Appropriate breast feeding practices are of fundamental importance for survival, growth, development, health and nutrition of infants and children everywhere. As per joint WHO/UNICEF’S (1989- 1990) guidelines, it has been highlighted that the breast-feeding should be on demand and frequent [29,30]. In the current study the pattern of breast-feeding was related with social class of mothers. It was good to observe that 72.0% of mothers were offering breast-feeding on demand. This observation is accordance with joint WHO/UNICEF guidelines. Further analysis of data revealed that higher proportion of mothers 68 (82.9%) from social class V were giving breast milk on demand as compared to 69 (70.4%) mothers of social class II. Operational Research Group (ORG) in their baseline survey has also reported that almost all (99%) mothers breast-fed their babies on demand [31]. Bandopadhay et al. in their study had reported (84.1%) mothers breast fed their babies on demand [32]. In yet another study by Srivastava et al. [33] at Kanpur it was found to be only 38% [33]. Demand feeding has been reported a common practice in India, which has positive influence on breastfeeding. This is also recognized as one of the ten steps to successful breast feeding as recommended by WHO/UNICEF.
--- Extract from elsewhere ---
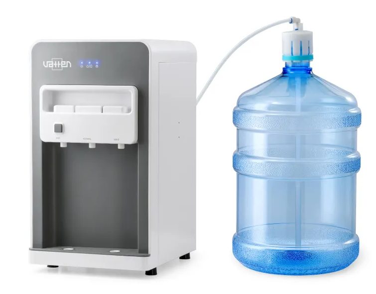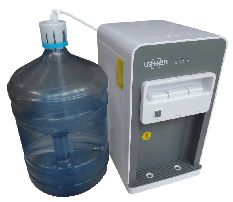 Диспенсер Vatten LD53JK белого цвета ‒ встраиваемый прибор размерами 26x49x33 см, предназначенный для подачи воды из бутыли, а также для нагрева и охлаждения. Настольная конструкция позволяет расположить его на шкафчике или столе. Бутыль для подачи воды можно спрятать за дверцей в шкаф или просто поставить недалеко от кулера. Она подключается при помощи гибкой трубки.

In this study (359)70.3% mothers told that they breast fed their babies 8 times or more in 24 hours. The increase in number can be due to the effect of Integrated Management of Neonatal and Childhood Illnesses (IMNCI) training which was going on in this institution at the time of data collection. IMNCI (2003) also enforce for the frequency of breast-feeding to be 8 or more in 24 hours.

The current study has shown encouraging results about breastfeeding practices being followed by mothers who availed hospital services. Although breast feeding is practiced universally, still it is associated with prelacteal feeds and discarding colostrum. The key to successful breast feeding is Information Education and Communication (IEC) strategies aimed at behaviour change. This is particularly true where culture and tradition plays extremely important role in modulating the infant feeding practices. Thus appropriate, adequate and effective IEC strategy is the vital factor in promoting correct breast feeding practices. Healthcare Personnel, particularly doctors and female health workers play the key roles for imparting counselling to pregnant women during the antenatal check-ups. During counselling, in addition to information on breast feeding, information on expressed breast milk and adverse effects of bottle feeding must be conveyed to them. Now it is the right time for the opportunity by health staff for imparting health education to all women who come for antenatal care and for delivery in the hospital. This study serves as a documented record of the current patterns regarding breast feeding in Surat. It will serve as a control to see different patterns over a period of time and for comparison with the patterns observed elsewhere.

This study has limitation in terms of study being done at tertiary care hospital and selected parameters of breast feeding.